В десять лет он задул свечи на шарлотке со смородиной и, выпив стакан газировки, слегка подкрашенной капелькой рома, с облегчением сказал: «Я должен признаться, что очень боялся. Какое-то время я действительно думал, что она вот-вот вернется».
«Ну, она бы сначала позвонила, малыш». — «Да нет, не скажи… ведь сбежала-то она без предупреждения, так что и вернуться бы могла неожиданно». Пьер мог сколько угодно хохотать, сколько угодно кормить себя сказками о том, как бы она была неприятно поражена и какой бы приступ ревнивой злобы испытала, если бы увидела, как они счастливо живут, как им хорошо вдвоем с отцом и как они веселятся, он мог хоть обожраться этими россказнями, но она так и не приехала ни с предупреждением, ни без предупреждения. Он поднялся к себе наверх полубольным и улегся на полу под окном, где, по его мнению, она не могла его сразу найти, потому что привыкла его искать на кровати. Да, там уж она не застанет его врасплох! Как только во снах она приближалась к нему или только хотела приблизиться, он сжимал кулачки и кричал ей прямо в лицо: «Уходи, я не люблю тебя! Уходи!» Наконец она на время оставила его в покое, перестала ему докучать своими неожиданными появлениями. Вплоть до того дня, когда он научился писать…
В школе он избегал одноклассников, сторонился их и дичился, он замкнулся в себе, был пассивен на уроках, не поднимал палец, то есть не выказывал готовность ответить на вопрос учителя. Он больше не был тем всезнайкой, кто больше всех трещал на уроках без умолку и во все совал свой носишко, он всегда торопился поскорее уйти из школы, поскорее вернуться домой. По окончании четверти в его дневнике появилась запись: «Слишком погружен в свои мысли или мечты, рассеян, невнимателен». Марк снова насторожился, даже, пожалуй, еще больше, чем прежде. Какие подозрения роились в голове этого мальчишки? В чем он не смел признаться, быть может, даже самому себе? Какие невысказанные мысли таились в его голове, какие слова не смогли сорваться с этих словно зашитых намертво губ? О чем он думал, когда их взгляды встречались и у Марка возникало такое ощущение, будто от всепроникающего взгляда Пьера ничто не могло укрыться?
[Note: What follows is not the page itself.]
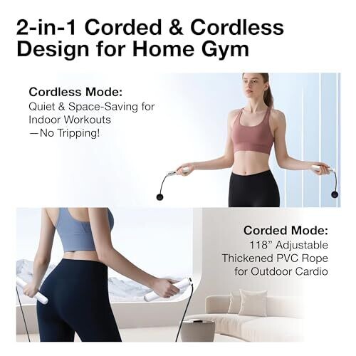 - Versatile 2-in-1 design offers cordless training for quiet, indoor workouts and a traditional rope option for outdoor use—a comprehensive home fitness essential.

«Эй, где ты витаешь?» — спрашивал его Марк. «Нигде… просто хочу спать», — отвечал Пьер. Но о чем он думал в тот момент, когда книга вываливалась у него из рук и он проваливался в сон, как в бездну? Порой Пьер просыпался среди ночи от щелчка выключателя и сквозь чуть приоткрытые веки видел, как его отец ходит взад-вперед по комнате, как он открывает его портфель, перелистывает тетради и книги, вытряхивает и выворачивает карманы его штанов и куртки, как он волнуется и тяжело вздыхает. Пьер чувствовал себя неловко, он был смущен, как будто это не его отец устроил у него в комнате обыск, а как будто он шпионил, подглядывал за отцом. Разумеется, у его отца были веские причины для того, чтобы «инспектировать» его вещи. Так, наверное, всегда бывает, когда ребенок либо слишком разговорчив, либо, наоборот, слишком молчалив.